## What you will do
Once you reach the line containing "همانطور که در" in the entries below, write out that line and each one after it down to the line containing "Ciudad Victoria, Tamaulipas.", exactly and with nothing added.

## Supplied material
::::::::
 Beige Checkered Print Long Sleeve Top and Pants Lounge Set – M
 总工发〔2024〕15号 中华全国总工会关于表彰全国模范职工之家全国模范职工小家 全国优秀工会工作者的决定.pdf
::::::::
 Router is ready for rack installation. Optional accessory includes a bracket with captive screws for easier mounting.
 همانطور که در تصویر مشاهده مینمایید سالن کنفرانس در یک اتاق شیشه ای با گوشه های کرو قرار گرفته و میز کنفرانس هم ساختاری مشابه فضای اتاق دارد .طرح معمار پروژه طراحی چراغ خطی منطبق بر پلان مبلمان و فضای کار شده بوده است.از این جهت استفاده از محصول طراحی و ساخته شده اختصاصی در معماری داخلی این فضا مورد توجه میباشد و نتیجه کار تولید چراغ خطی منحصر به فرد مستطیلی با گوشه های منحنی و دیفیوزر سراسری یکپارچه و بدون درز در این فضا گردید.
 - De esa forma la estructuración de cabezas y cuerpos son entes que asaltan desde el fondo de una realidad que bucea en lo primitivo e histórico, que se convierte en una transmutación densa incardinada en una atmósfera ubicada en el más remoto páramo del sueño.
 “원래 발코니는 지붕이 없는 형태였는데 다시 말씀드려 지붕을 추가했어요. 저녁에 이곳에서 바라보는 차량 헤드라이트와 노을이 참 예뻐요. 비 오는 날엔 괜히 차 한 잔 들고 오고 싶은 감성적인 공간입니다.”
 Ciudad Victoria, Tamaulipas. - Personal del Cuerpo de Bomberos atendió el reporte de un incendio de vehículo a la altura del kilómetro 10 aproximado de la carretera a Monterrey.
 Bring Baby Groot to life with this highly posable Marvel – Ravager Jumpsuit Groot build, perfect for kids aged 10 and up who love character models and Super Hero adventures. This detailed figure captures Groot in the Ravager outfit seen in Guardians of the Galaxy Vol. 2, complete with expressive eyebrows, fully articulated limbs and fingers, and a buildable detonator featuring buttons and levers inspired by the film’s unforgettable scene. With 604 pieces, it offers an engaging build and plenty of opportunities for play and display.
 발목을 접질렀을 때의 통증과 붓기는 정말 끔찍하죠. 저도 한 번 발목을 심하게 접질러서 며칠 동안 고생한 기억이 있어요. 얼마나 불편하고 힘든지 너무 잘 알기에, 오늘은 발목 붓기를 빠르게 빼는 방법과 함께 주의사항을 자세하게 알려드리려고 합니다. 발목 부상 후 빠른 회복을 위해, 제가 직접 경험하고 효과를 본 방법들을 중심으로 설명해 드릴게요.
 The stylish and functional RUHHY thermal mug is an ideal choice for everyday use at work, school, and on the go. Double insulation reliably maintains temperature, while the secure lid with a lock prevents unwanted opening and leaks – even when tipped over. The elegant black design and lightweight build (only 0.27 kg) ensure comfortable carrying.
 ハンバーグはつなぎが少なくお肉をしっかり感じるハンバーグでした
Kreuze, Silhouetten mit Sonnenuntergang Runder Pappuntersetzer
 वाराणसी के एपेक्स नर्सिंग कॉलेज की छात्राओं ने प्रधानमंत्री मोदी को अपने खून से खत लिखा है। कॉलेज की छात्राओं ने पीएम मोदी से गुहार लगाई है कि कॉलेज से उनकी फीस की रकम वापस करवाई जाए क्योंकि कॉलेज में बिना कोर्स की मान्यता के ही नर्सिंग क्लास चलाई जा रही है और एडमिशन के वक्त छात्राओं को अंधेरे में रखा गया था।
::::::::
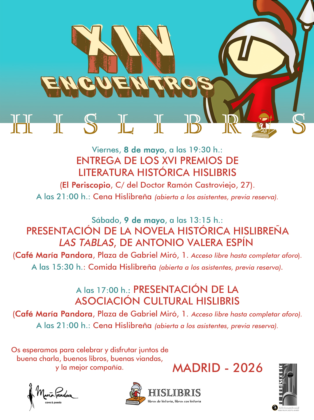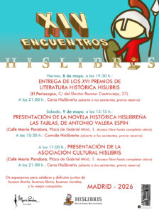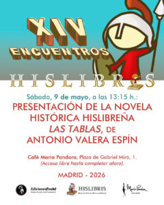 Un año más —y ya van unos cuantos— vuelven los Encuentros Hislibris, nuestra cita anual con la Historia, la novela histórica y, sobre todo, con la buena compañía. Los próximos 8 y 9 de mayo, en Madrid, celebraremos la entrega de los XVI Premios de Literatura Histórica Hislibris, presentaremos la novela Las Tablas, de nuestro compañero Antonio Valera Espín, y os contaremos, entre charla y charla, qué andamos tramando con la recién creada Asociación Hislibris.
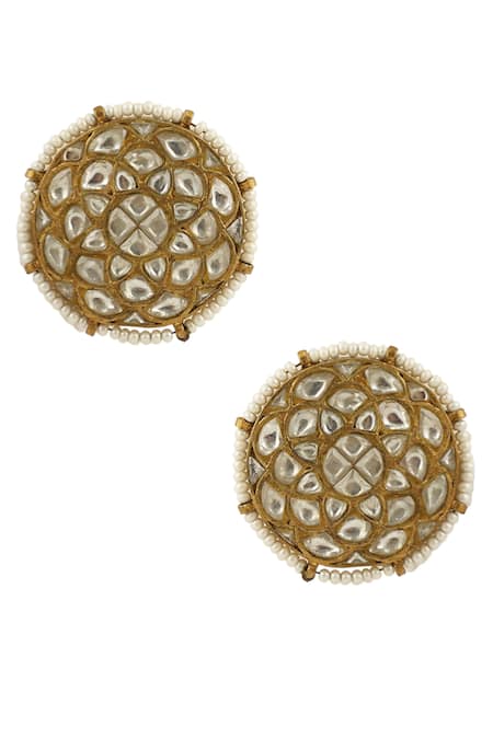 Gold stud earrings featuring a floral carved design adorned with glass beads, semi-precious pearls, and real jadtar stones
::::::::
## Expected answer
 همانطور که در تصویر مشاهده مینمایید سالن کنفرانس در یک اتاق شیشه ای با گوشه های کرو قرار گرفته و میز کنفرانس هم ساختاری مشابه فضای اتاق دارد .طرح معمار پروژه طراحی چراغ خطی منطبق بر پلان مبلمان و فضای کار شده بوده است.از این جهت استفاده از محصول طراحی و ساخته شده اختصاصی در معماری داخلی این فضا مورد توجه میباشد و نتیجه کار تولید چراغ خطی منحصر به فرد مستطیلی با گوشه های منحنی و دیفیوزر سراسری یکپارچه و بدون درز در این فضا گردید.
 - De esa forma la estructuración de cabezas y cuerpos son entes que asaltan desde el fondo de una realidad que bucea en lo primitivo e histórico, que se convierte en una transmutación densa incardinada en una atmósfera ubicada en el más remoto páramo del sueño.
 “원래 발코니는 지붕이 없는 형태였는데 다시 말씀드려 지붕을 추가했어요. 저녁에 이곳에서 바라보는 차량 헤드라이트와 노을이 참 예뻐요. 비 오는 날엔 괜히 차 한 잔 들고 오고 싶은 감성적인 공간입니다.”
 Ciudad Victoria, Tamaulipas. - Personal del Cuerpo de Bomberos atendió el reporte de un incendio de vehículo a la altura del kilómetro 10 aproximado de la carretera a Monterrey.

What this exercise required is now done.